Steps to Enable Audit Policy

  • Open Server Manager on your Windows server.

  • Under the Manage tab, click on Group Policy Management to open the Group Policy Management Console.

  • Navigate to Forest > Domain > Your Domain > Domain Controllers.

  • You can choose to either edit an existing group policy object or create a new one.

  • In the Group Policy Editor, navigate to Computer Configuration > Windows Settings > Security Settings > Advanced Audit Policy Configuration.

  • Expand the node and navigate to Audit Policy > Account Management > Audit User Account Management. Enable it for both 'Success' and 'Failure'.

  • Auditing 'Password never expires' event with native AD tools and techniques

  • Open Event Viewer to find the users who have 'Password never expires' set in their accounts.

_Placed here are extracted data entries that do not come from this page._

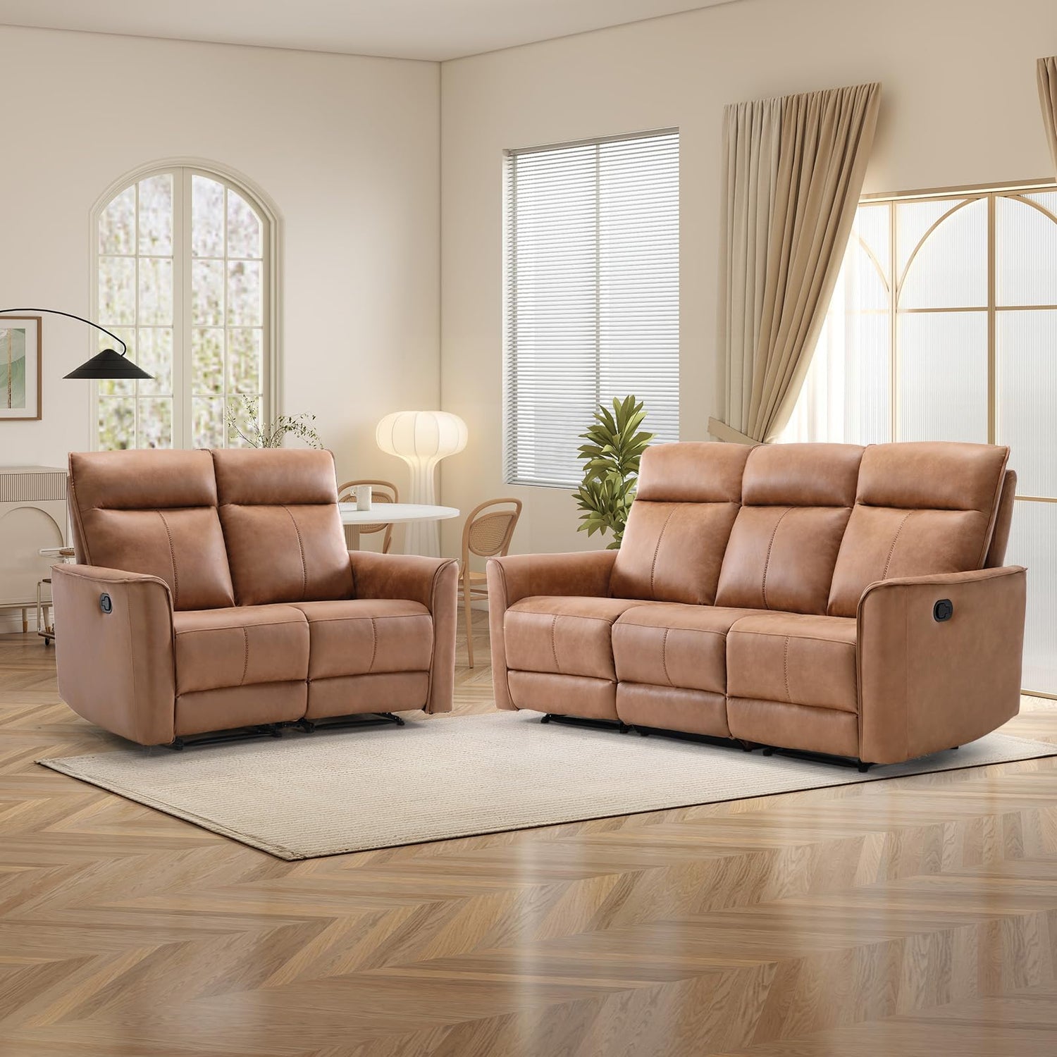 CANMOV Manual Loveseat Recliner Sofa Set, Wall-Hugger Reclining Living Room Furniture Set, Leathaire 2-Seater Recliner Chair and 3-Seat Reclining Sofa Couches for Office, Villa, Brown(Loveseat+Sofa)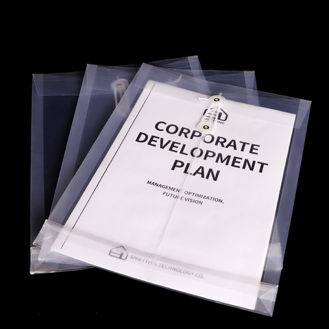 Düğme dize ile en kaliteli PP temizle poli zarflar su geçirmez ve toz geçirmez büyük kapasiteli FC halat sarılmış dosya çantası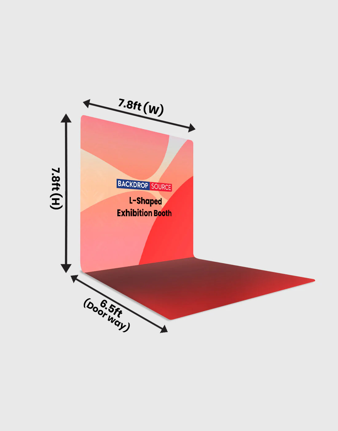 - Shape : L-shaped configuration with two interconnected sections, providing ample space for product displays, branding, and interactive elements

  • Windows Event Viewer records all the changes to the objects in the directory for which auditing has been enabled. Every change is recorded as an event and is associated with a unique event ID.

  • To view the events, open Event Viewer and navigate to Windows Logs > Security. The pane in the center displays all the events that are being audited. Look for Event ID 4738 which indicates that a user account has changed.

    This image shows the event log filtered for event ID 4738.

  • Click on 'Filter Current Log' on the right pane to filter the events by event IDs, time range and a few other parameters. After the events have been filtered by event ID 4738, you can click on the logs for more details regarding the change. The administrator can read through the details of each log to find users who have passwords set to never expire.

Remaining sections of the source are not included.